Love of Power is the Demon of Men

From the totally awesome Nietzsche Family Circus, which pairs a random Nietzsche quote with a random Family Circus strip.
Nietzsche is right. Which is why, if you care about your happiness, you should try hard to diminish your taste for power.
3 Comments so far
Leave a reply





[…] [Via a blog called Happiness And Public Policy.] […]
I pretty much agree with your take on status, the array of hierarchies we can use to get ‘top dog’ status, the futility and arbitrariness of policy ‘remedies’. But moderation is the key to all things, and so I think there is some validity to the notion that potential mates are somewhat objectively ordered, and competition for them is zero-sum.

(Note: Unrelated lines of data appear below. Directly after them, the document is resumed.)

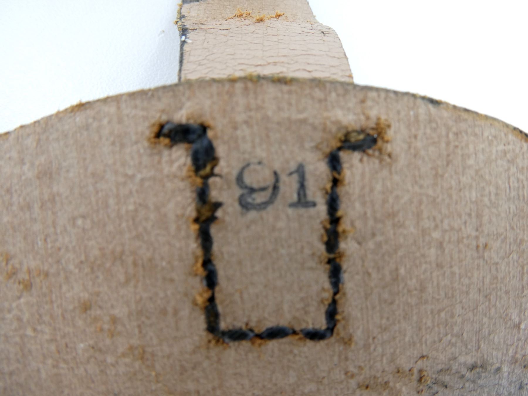 (1) BLACK LEATHER DOUBLE-POCKET MAG POUCH, MARKED: "91", METAL FITTINGS, TWO BELT LOOPS, SHOWS SLIGHT AGE / WEAR. SEE PHOTOS.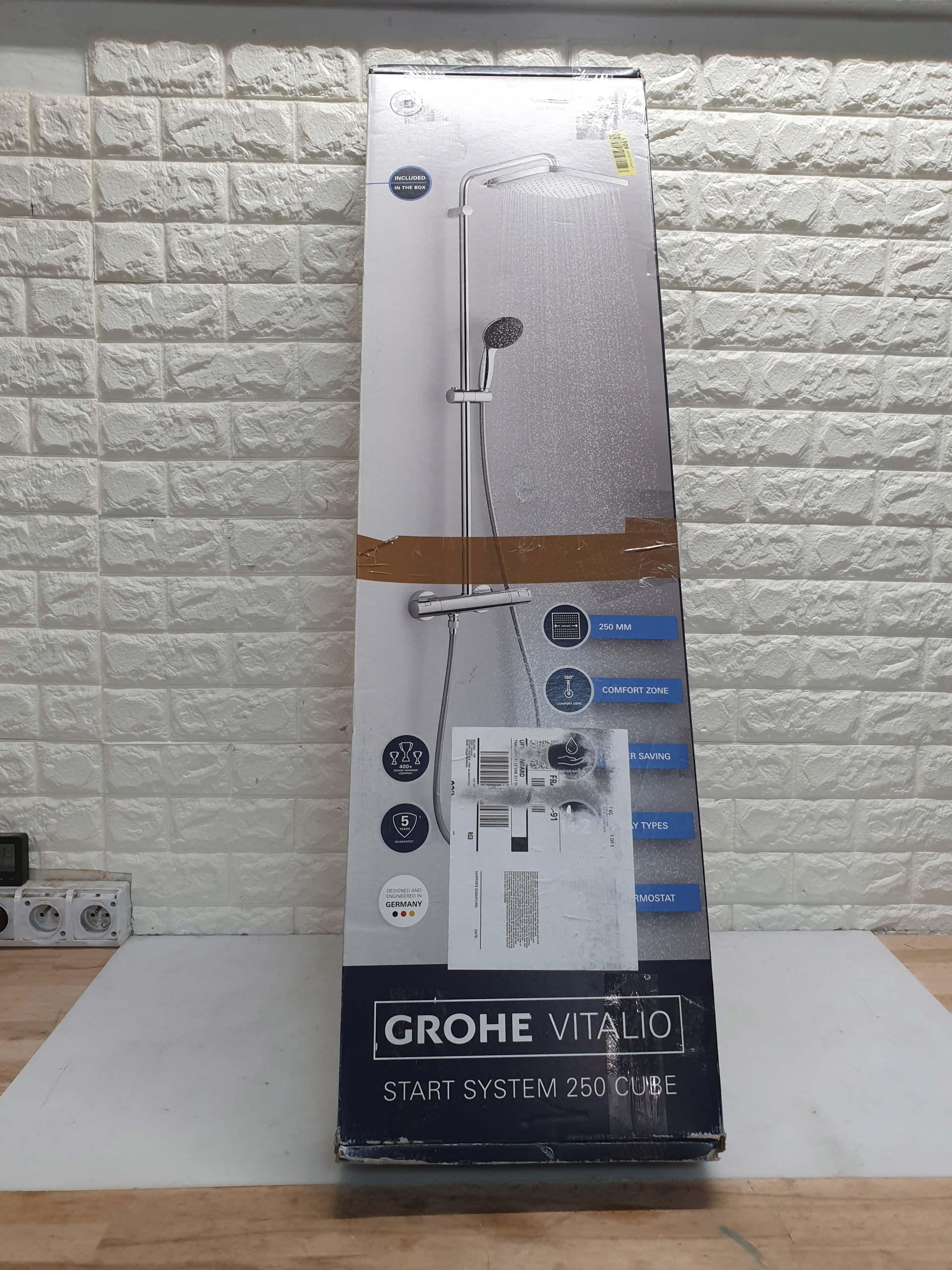 С душевой системой GROHE Vitalio 250 Cube вы заново откроете для себя, что значит удовольствие от принятия ванны. Его «сердцем» является элегантный термостатический смеситель, который будет поддерживать выбранную вами температуру воды, благодаря чему существенно повысится комфорт и безопасность принятия душа. Чтобы еще больше увеличить ее, на ручке смесителя имеется специальный фиксатор, который не дает вам случайно установить слишком горячий поток, защищая вашу нежную кожу от неприятных ожогов. Это решение особенно оценят все, кто ухаживает за маленькими детьми или пожилыми людьми.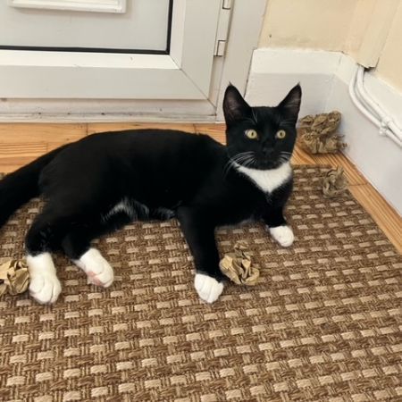 Small male short haired domestic black and white cat. Very friendly and sweet. White under chin and chest. White paws.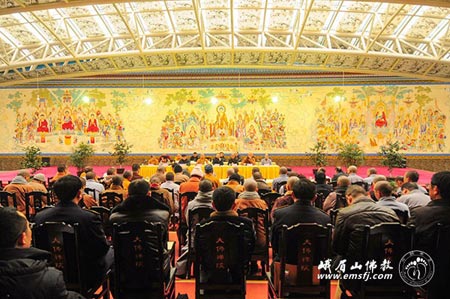 永寿法师致开幕词。他说,过去一年,佛协在党和政府的领导与主管部门的关心支持下,与全山僧众、员工一道,稳步推进各项工作,自养事业和宗教性收入基本稳定,寺院场所清净庄严,和谐安全,取得了良好的成绩。关于佛协去年所取得的主要成绩,他说,佛协根据峨眉山市和峨眉山风景区“同城一体、景城联动”发展方向和总体规划布局,顺势加快了推进金顶二期工程和千佛顶寺院恢复重建的规划建设;调整了大佛禅院的总体规划布局,征地125亩,规划建设峨眉山佛文化中心(金色华藏)项目,发展养生养老的慈善事业,提升佛文化功能;完善大佛禅院西大门,实现峨眉山风景区与大佛禅院佛教文化旅游区的无缝、安全对接,为创建5A级景区奠定基础,为峨眉山佛教的持续发展拓展空间,增强了自养事业的内生动力。关于峨眉山佛教的发展,他说,峨眉山佛教要发展,必须顺应时代发展要求,依托自身优势,创新开拓弘法途径和模式,特别要利用我们的优势,发展养生文化,建设一站式养生度假休闲目的地。最后,他满怀信心期待理事们,“用党的十八大和三中全会的精神武装头脑,指导工作、推动实践。坚定在新的历史起点上推进改革创新的信心和勇气。牢固树立进取意识、机遇意识、责任意识和发展意识,充分认识佛协今后几年所面临的困难,坚持‘勤于学、敏于思’,集贤聚智,不断进取,努力做好新一年的本职本岗位的工作,为峨眉山佛教的每一步发展打好基础。”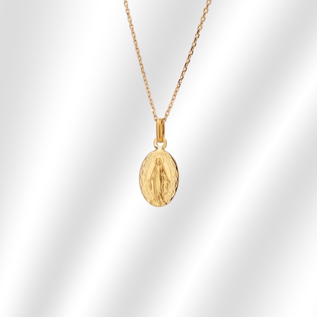 Notre Médaille Miraculeuse en or massif est de forme ovale, elle mesure 15 mm de hauteur et 11 mm de largeur ( 23 mm avec bélière).

But here’s a datapoint in favor of the importance of status, perhaps an implication you haven’t considered. I recently posted a paper on the SSRN Why Risk and Return are Uncorrelated: A Relative Status Approach where I noted that if you assume relative status is all that matters, you don’t get a risk-return relationship in equilibrium. I then discuss the literature which shows that this is a much better description of financial data than assuming risk and return are correlated.
I’m sure both status and absolute utility functions are at work, but that’s a messy hybrid. The pole that totally ignores status, has a large unmentioned elephant in the room: risk and return, as a rule, are not correlated.